I always love the New York Times map produced a few years ago showing the states when it came to Electoral College influence. The map shows Wyoming as by far the biggest state with California the smallest.

Meanwhile back in Cheyenne, reality hits home as the legislature is grinding through the early days of its general session.

Hundreds of bills will be considered. As I write this, some of the more interesting ones concern taxes. For example:

• There is an attempt to raise property taxes to balance our budget when it comes to funding education.  This seems to have grudging support all around. But even after years of drastic cuts there are many folks who believe education can be cut even more.

• Sen. Cale Case (R-Lander) is convinced Wyoming needs to tax wind energy.  He has lots of good reasons. Among them is that the wind energy is almost exclusively being shipped out of state, where the ultimate consumers can afford to pay for it.

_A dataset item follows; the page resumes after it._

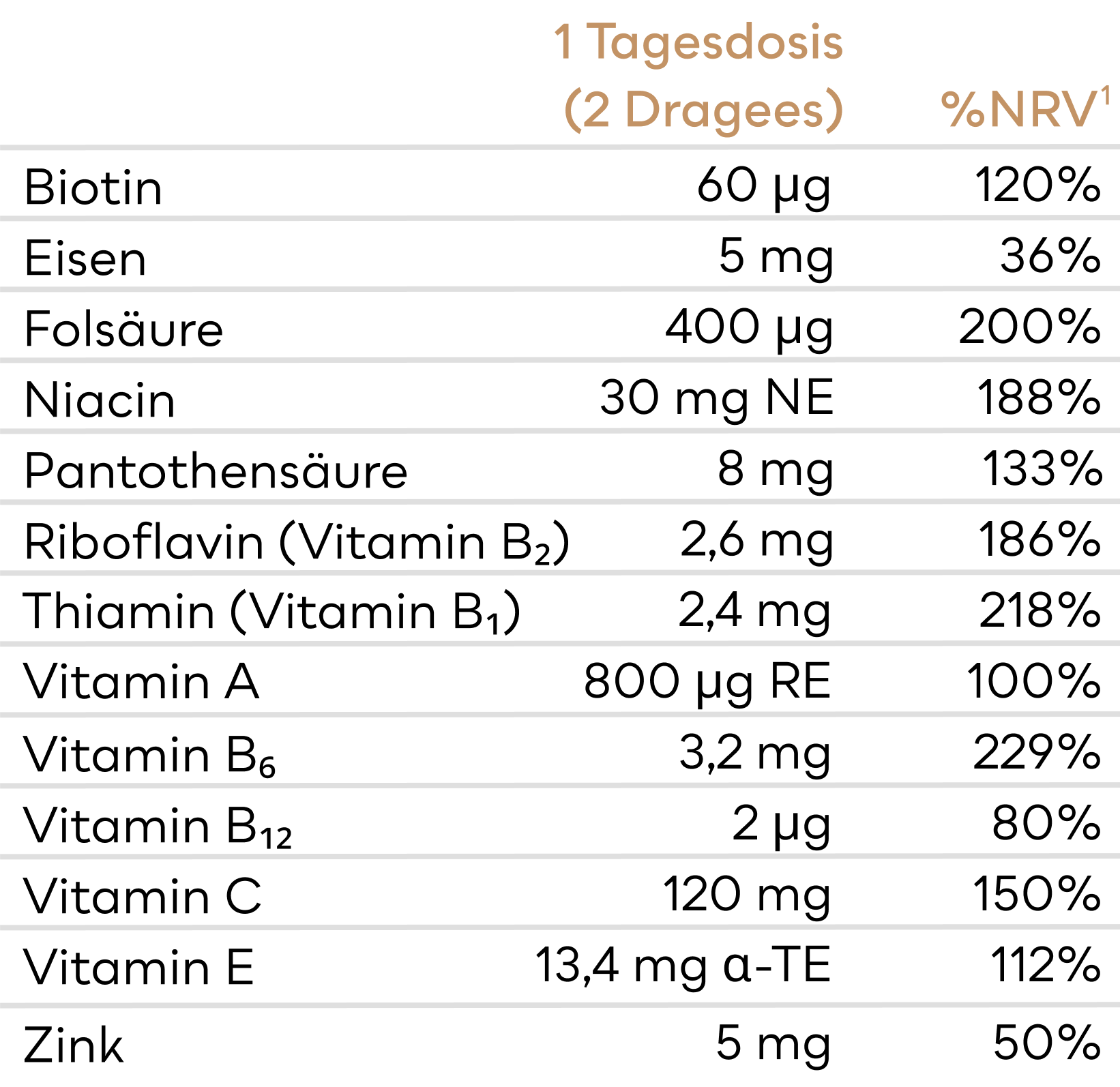Füllstoff: Laktose; Saccharose; Trennmittel: Talkum; L-Ascorbinsäure (Vitamin C); Füllstoff: Mikrokristalline Cellulose; Nicotinamid (Niacin); Füllstoff: Gummi Arabicum; DL-alpha-Tocopherylacetat (Vitamin E); Eisenfumarat; Öl, pflanzlich (Palmöl); Farbstoff: Calciumcarbonat; Calcium-D-Pantothenat (Pantothensäure); Füllstoff: Mannitol; Modifizierte Stärke; Zinkoxid; Maisstärke; Pyridoxinhydrochlorid (Vitamin B6); Trennmittel: Magnesiumsalz der Speisefettsäure; Glucosesirup; Thiaminmononitrat (Vitamin B1); Riboflavin (Vitamin B2); Trennmittel: Siliciumdioxid; Gelatine (Schwein); Retinylacetat (Vitamin A); Pteroylmonoglutaminsäure (Folsäure); Überzugsmittel: Bienenwachs, Carnaubawachs; D-Biotin; Farbstoffe: Eisenoxid rot, Indigotin blau; Cyanocobalamin (Vitamin B12).

• Our sales tax system is being re-visited by the legislators as they ponder putting sales taxes back on food or adding sales taxes to services. Both are controversial. 

Legislative leaders Steve Harshman (R-Casper) in the House and Drew Perkins (R-Casper) in the Senate are contending the two houses will work closer together than in recent years. New governor Gordon also is predicting harmony as the various legislative processes move along. 

Two issues that I would like to deal with include more transparency in Wyoming state government and promoting more attention to civics classes in Wyoming schools.

We can’t talk about state government with saying a fond farewell to outgoing Gov. Matt Mead and his wife Carol. What a class act!  Thanks again for what you folks have done for Wyoming over the past eight years.

And finally, on the world stage we are seeing literally unprecedented good times.

There are some small deadly wars going on but no major clashes for the first time in a thousand years.

And at last check, there are 116 countries in the world that consider themselves democracies with the citizens electing their leaders.

Now that is something to toast here in the early weeks of 2019.  Happy New Year!